La Cage – Brasserie sportive
- Formerly: La cage aux sports (1984–2015)
- Industry: Food service
- Founder: Georges Durst
- Headquarters: Boucherville, Quebec
- Area served: Canada
- Parent: Groupe Sportscene (renamed Groupe Grandio in June 2022)
- Website: cage.ca

= La Cage – Brasserie sportive =

La Cage – Brasserie sportive (known until 2015 as La Cage aux Sports) is a Canadian chain of sports bar restaurants from the province of Quebec. As of 2023, it has 38 locations in Quebec, and one in France.

== History ==
The first "Cage aux sports" was opened in Old Montreal in 1984 by Georges Durst, from Alsace. The name would eventually become "La Cage – Brasserie sportive Cage" in 2015. The restaurant was designed for parties and for families who would come watch hockey on big screens.
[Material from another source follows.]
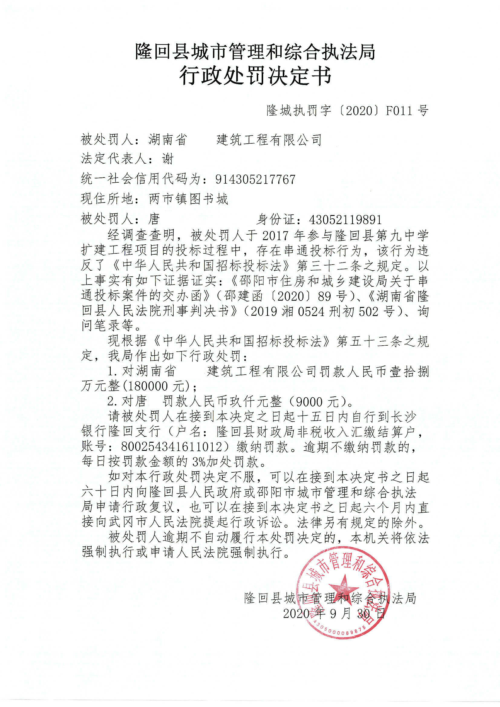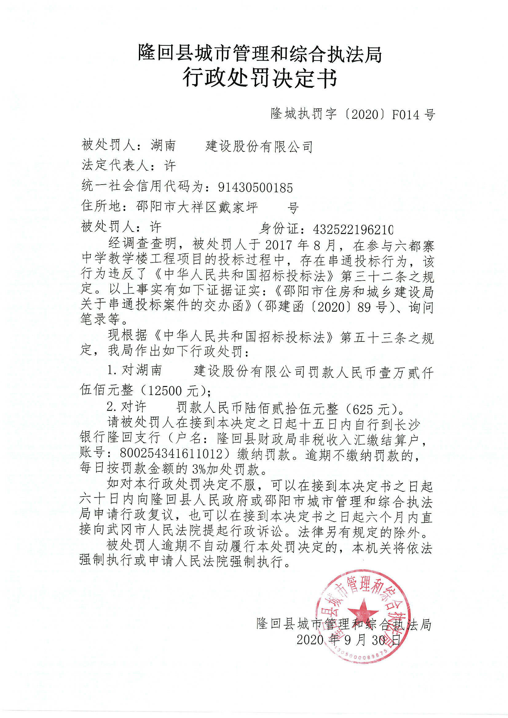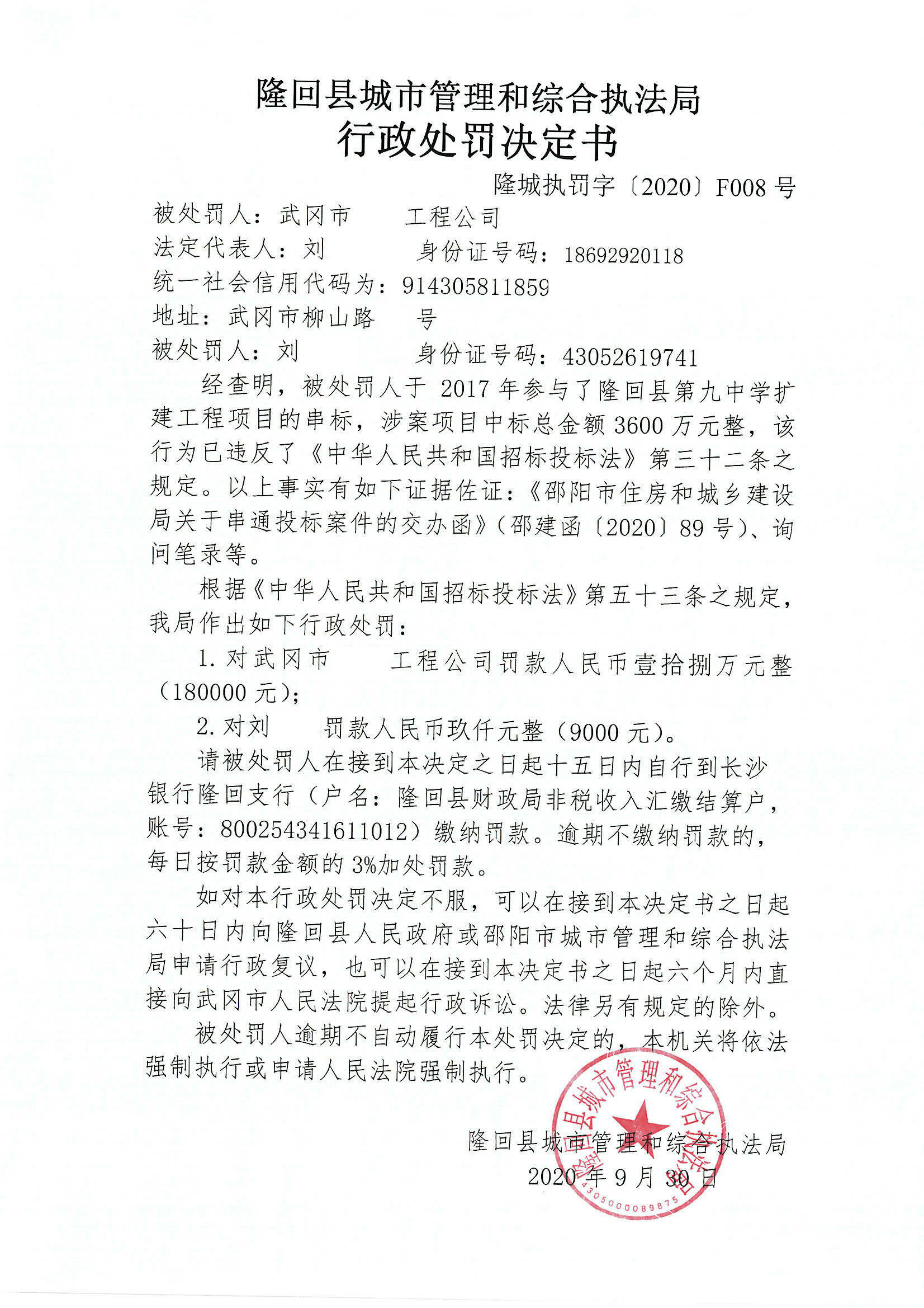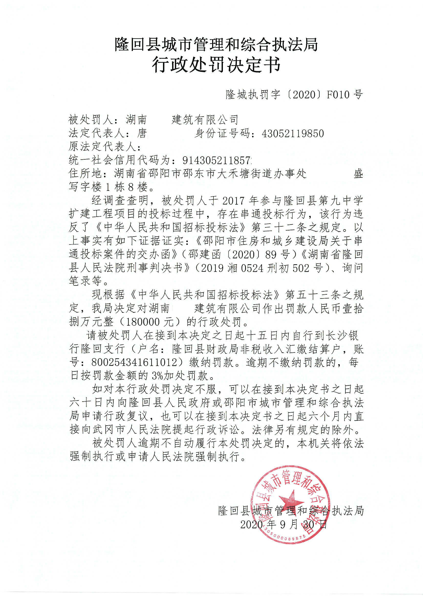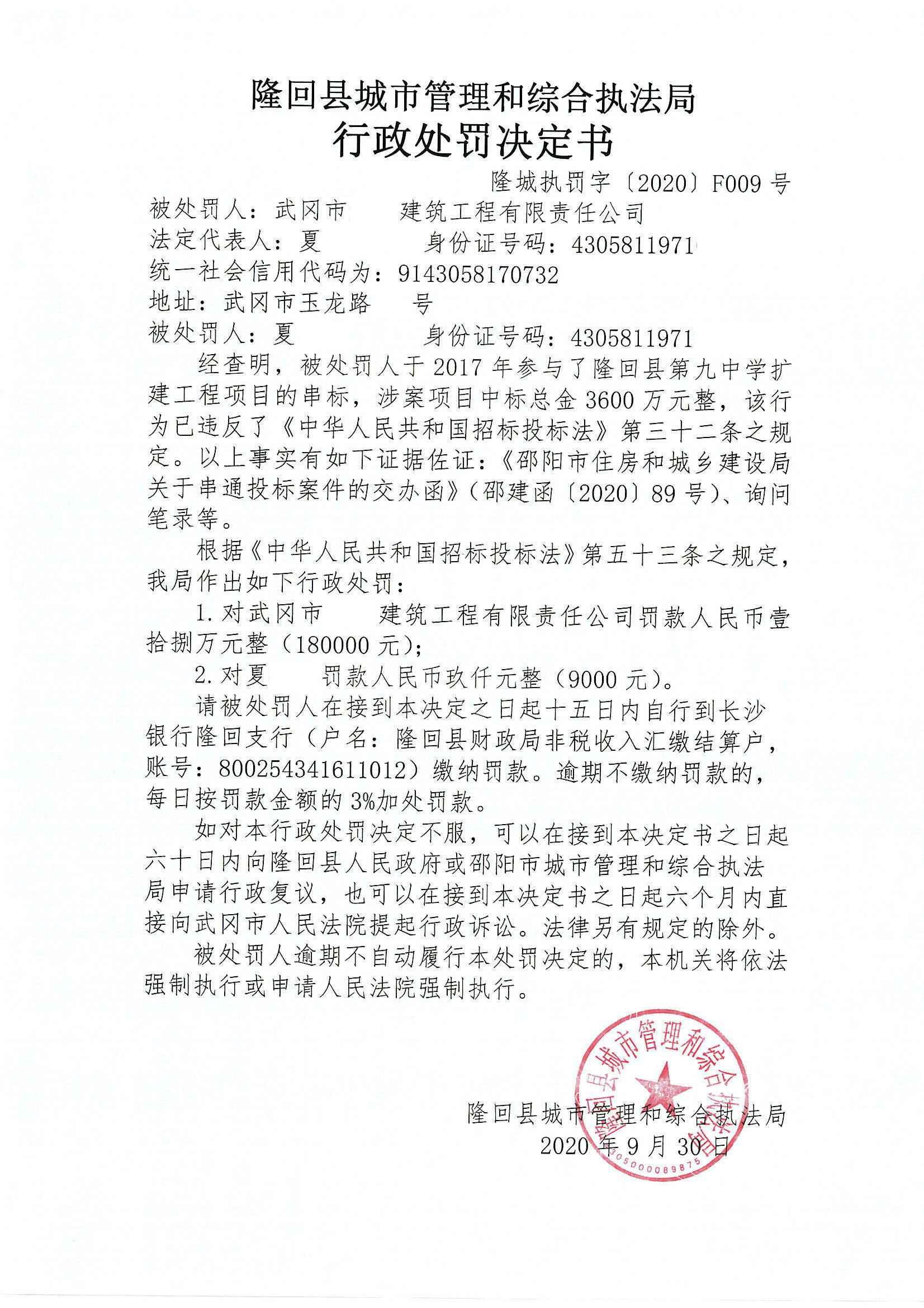 2020年隆回县城市管理和综合执法局行政处罚决定书公示(九月)

Many types of sports were shown, such as Montreal Canadiens hockey, tennis, curling, golf, football (Super Bowl), baseball, UFC, soccer, etc.
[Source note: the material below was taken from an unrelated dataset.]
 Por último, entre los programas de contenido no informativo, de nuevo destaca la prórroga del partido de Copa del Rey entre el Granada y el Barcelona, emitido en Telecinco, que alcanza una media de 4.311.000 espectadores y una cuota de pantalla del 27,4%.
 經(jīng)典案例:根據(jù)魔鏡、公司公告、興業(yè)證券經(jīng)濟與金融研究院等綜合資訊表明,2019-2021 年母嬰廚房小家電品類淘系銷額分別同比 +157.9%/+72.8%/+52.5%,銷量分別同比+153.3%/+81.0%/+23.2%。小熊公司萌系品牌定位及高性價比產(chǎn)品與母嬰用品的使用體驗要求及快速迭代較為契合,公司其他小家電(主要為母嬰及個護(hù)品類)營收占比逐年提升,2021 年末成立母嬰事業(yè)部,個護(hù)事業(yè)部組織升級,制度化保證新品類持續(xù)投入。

In 1989, the first franchise was opened by Jean Bédard in Saint-Hyacinthe. He would then open two more and would become president of the company in 1995. As of 2024, he is still president and the company has 39 locations, with one in Bordeaux, France.
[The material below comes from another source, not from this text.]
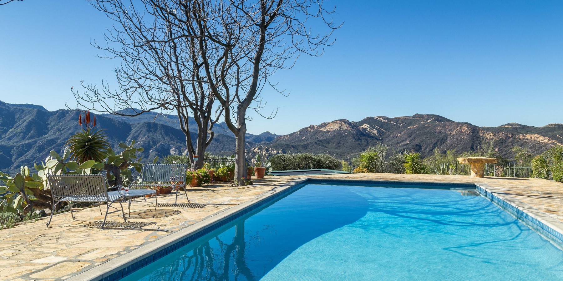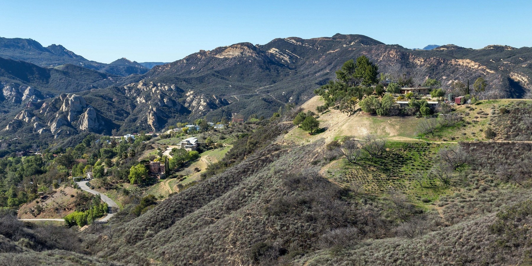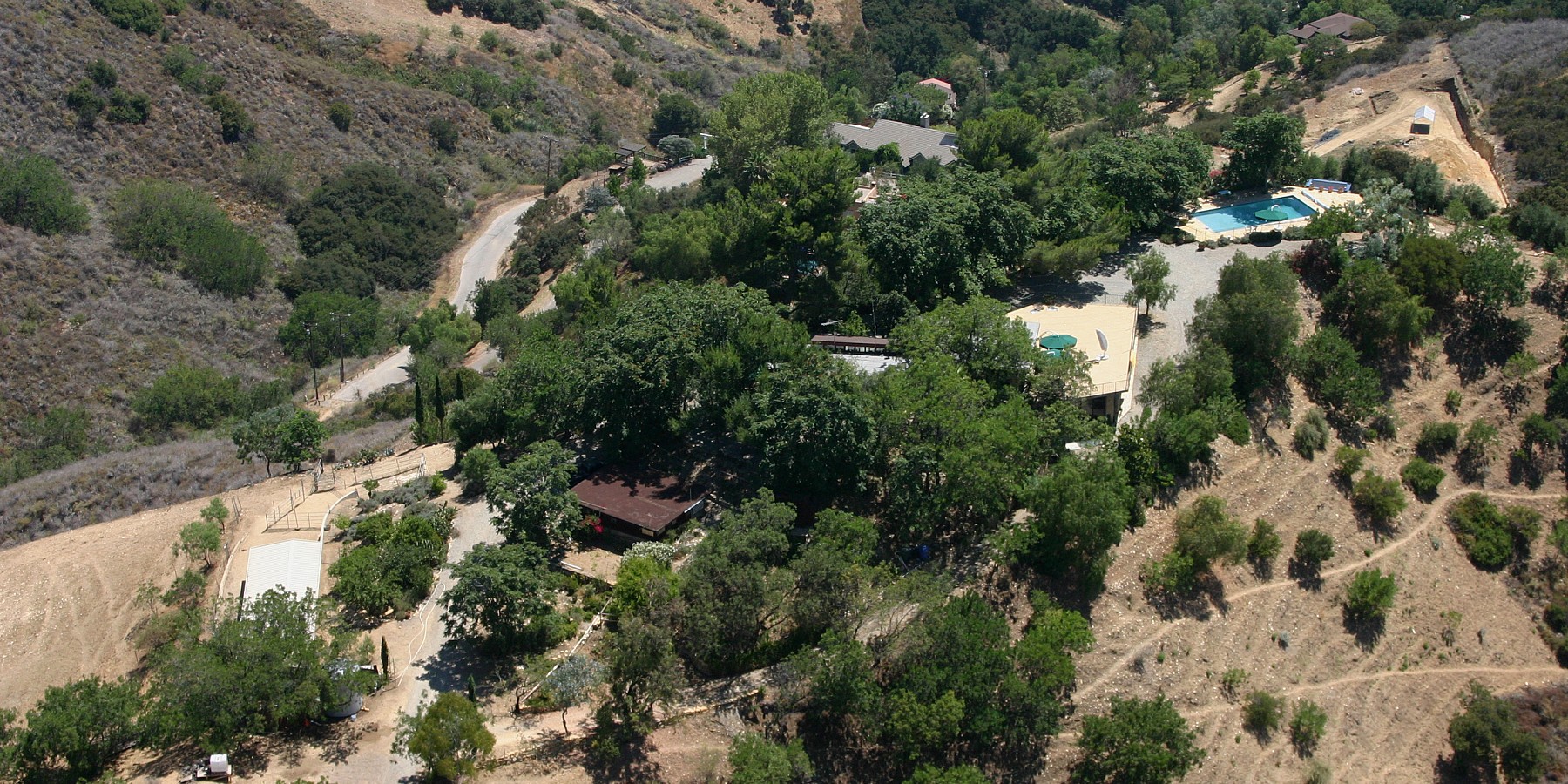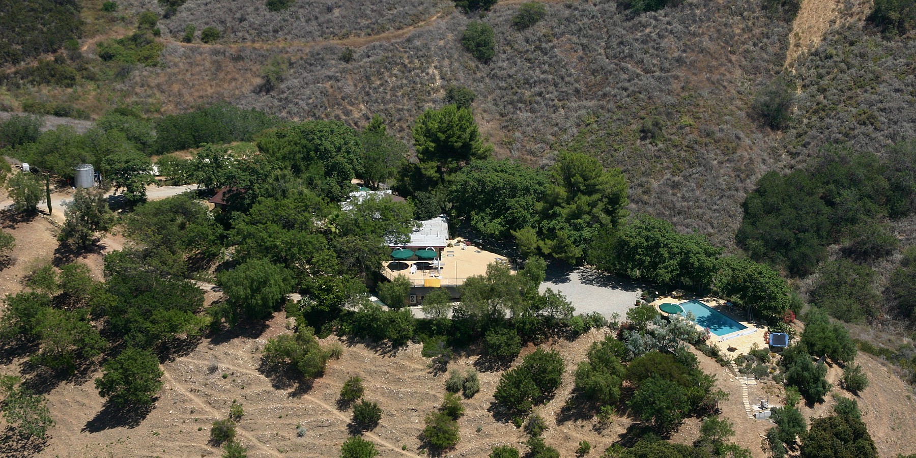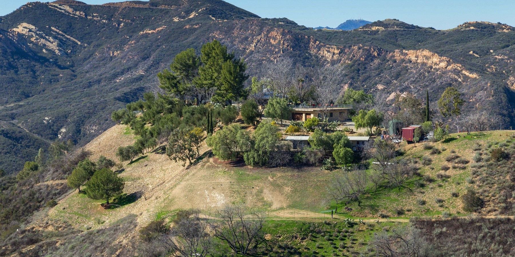 No one would expect to find such a secluded, private, and serene 58 acre estate, surrounded by protected parkland, so conveniently close to Calabasas, Malibu and Santa Monica. The adventure begins on a mile-long gated road from the summit of Old Topanga Canyon Road along a chaparral-lined ridge with views stretching from Ventura County all the way to the San Bernardino Mountains on one side and the Topanga watershed on the other. When you arrive to a second set of gates, mature aloes, lavender and wildflowers welcome you to this mountaintop retreat. Moonglow Ranch could not be more exclusive, yet it is just 10 minutes away from the very best schools, shopping, and the 101 freeway.

In the 1980s and 1990s, the interiors of La Cage aux Sports bars included many design elements, featuring wood paneling, bright red upholstery, numerous pennants, and various decorative objects such as carousel horses, a British telephone booth, and the large yellow airplane - a signature feature of La Cage aux Sports - suspended from the ceiling, among other things. In the decades following, the company would adopt a more minimalist style. Five restaurants have been fully renovated since 2017, bringing the number of restaurants with the new design to 20. And while the chain still adheres to the “food-beer-sports” formula, it has expanded its offerings under the leadership of Jean Bédard, increasing its beer selection from three to 24 varieties. In the 2010s, it shifted toward a more traditional dining experience, offering menus with greater variety than just chicken and fries.
| La Cage aux Sports |
In March 2020, during the COVID-19 pandemic, the Legault government ordered the closure of all restaurant dining rooms. La Cage opened just 14 restaurants, and only for take-out. Meals were made in a factory in Saint-Jean-Baptiste-de-Rouville, in Montérégie, in which the company invested $500,000 for the renovation work.

== Grocery ==
Like other restaurant chains, La Cage sells its best-selling restaurant dishes in grocery stores. Beginning in 1993, La Cage's chicken wings and ribs were available in the frozen aisle at the supermarket. In 2019, the company embarked on a three-year program to increase grocery sales. It began selling condiments (spices, dressings, sauces, mayonnaises), burger patties, and drinks (beer, cider). In 2020, during the COVID-19 pandemic, grocery sales doubled.